After ten years with the order I re-connected with the national Pagan community through the experience of writing Feminist Thelema. Once I started going to Pantheacon I continued to attend, then was asked to speak at Theurgicon, and now at Paganicon.
I feel at the moment that I stand equally in both worlds, the Pagan and the fraternal. This gives me the metaframe to see both with the perspective of both an insider and a partial outsider.
I know O.T.O. people who attend Pagan events, and O.T.O. people who don’t. The Order is its own world and pockets of community can trend toward the insular. Those who do attend Pagan events have insight into how to talk about what we do to people who aren’t yet involved in the Order.

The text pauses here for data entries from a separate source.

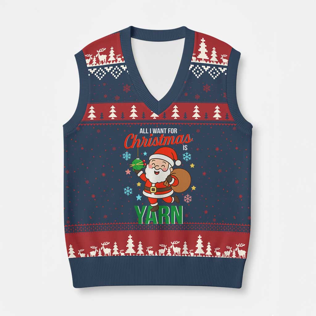 Rushgleam Santa All I Want For Xmas Is Yarn Ugly Christmas V-Neck Knit Sweater Knitting Gift For Kid
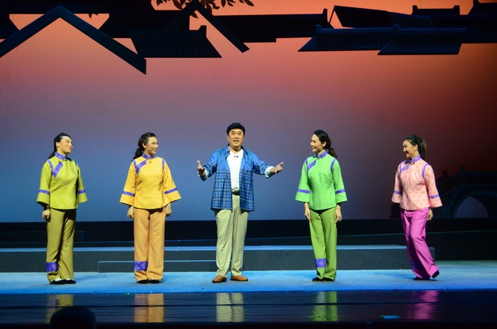 袁连成:大型现代淮海戏《板凳姐上任》,是一部原创农村题材现代戏,它讲述了苏北泗水河畔泗水村的农民们,脱贫了、致富了,生活却更加闹心了,村里的高价彩礼、人情攀比、赌博、厚葬薄养,诚信丢失等问题愈演愈烈,镇宣传干事板凳姐,在村里成立了以苏北琴书为载体的“小板凳乡风文明评议会”,月光下、庭院里,古老的苏北琴书一次次唱响了现代文明之歌,以文暖人,以文润心,彰显了在乡村振兴大潮中的文化自信!
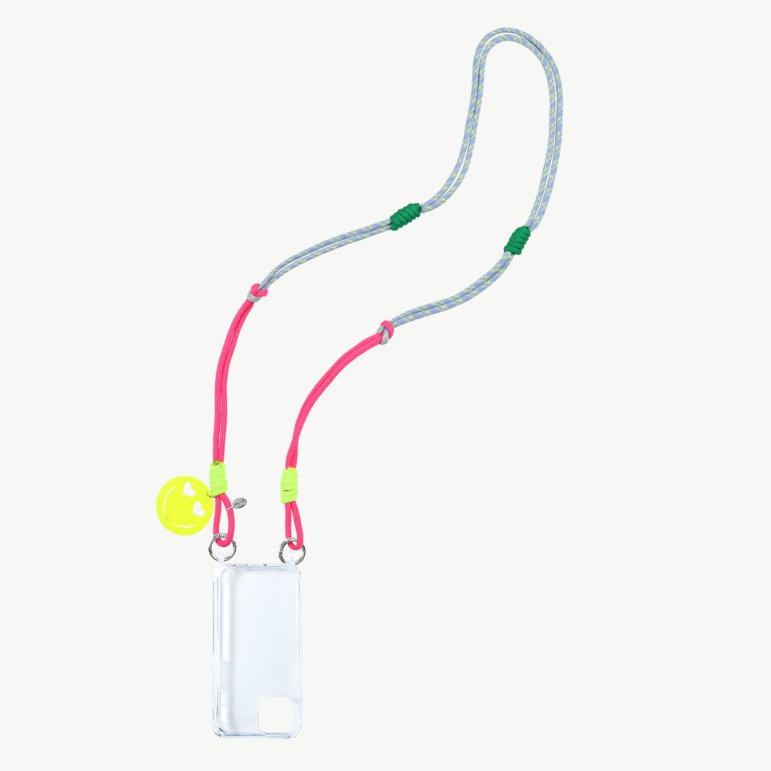 Handykette lang mit Smiley Face Anhänger pink/blau
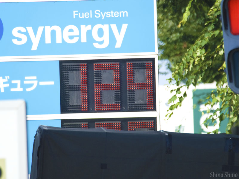 ▲遠方からレギュラーガソリン価格電光掲示板を捉えて。
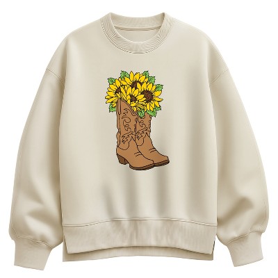 Women's - Instant Message - Cowgirl Boots With Sunflowers Oversized Fleece Crew Sweatshirt
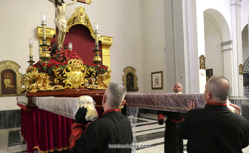 Mientras esto ocurre, procesionistas de la agrupación del Cristo de los Mineros colocan las varas al trono, que permanece en el mismo lugar donde ayer escuchó las voces de saetas y cantes minero del concurso nacional de La Unión.
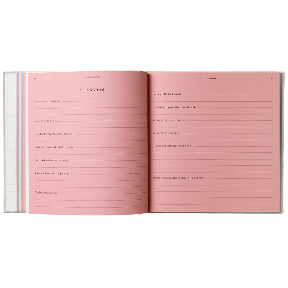 Bogen er delt ind i 7 kapitler med plads til masser af ord og billeder fra et langt, levet liv. Undervejs hjælpes man på vej af en lang række spørgsmål. Disse guider en til at udfylde bogen, så den bliver et komplet værk af oplevelser, overvejelser, betydningsfulde mennesker og meninger. Udfyld bogen med omhu og giv en gave der varer for evigt.
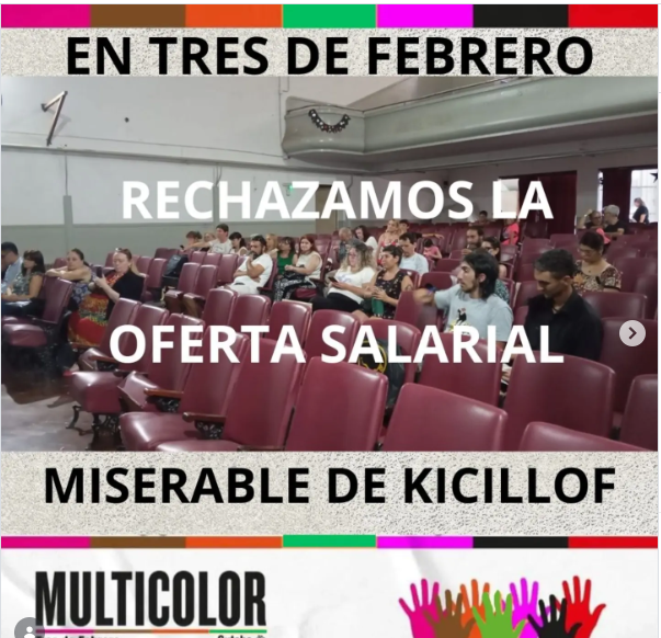 Desde la *Multicolor* Rechazamos una oferta salarial que vuelve a estar por debajo de la inflación, que consolida una pérdida histórica del salario docente, dejándolo en todos los casos bajo la línea de pobreza.
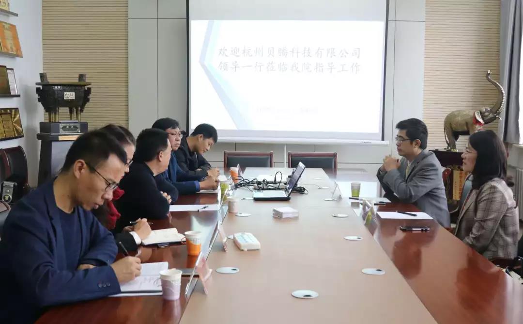 10月14日,杭州贝腾科技有限公司董事长黄林、北方区总经理汪海霞等到公司就共同推动创新创业教育工作进行了调研交流。公司经理长青,党委副书记、副经理冀强,团学办公室负责人等在公司317会议室进行了深入交流。

I served as Master of Vortex for four years, taking the body from camp to oasis. The group was specifically founded to form a bridge into O.T.O. from the Pagan world. Every Master of the body has actually been a Pagan organizer as well as an O.T.O. initiate. It was a good place for me to land, and that’s probably why it still feels like my O.T.O. home.
Both communities are necessary to me. In the Pagan world I create my own rituals, I make my own rules, I connect with people who revere the old gods. In the O.T.O. world I participate in a structured organization, I have long conversations with intellectual esotericists, I connect with a fraternal energy that is one of the foundations of Western magic. I don’t think I could choose between them, and fortunately, I don’t have to.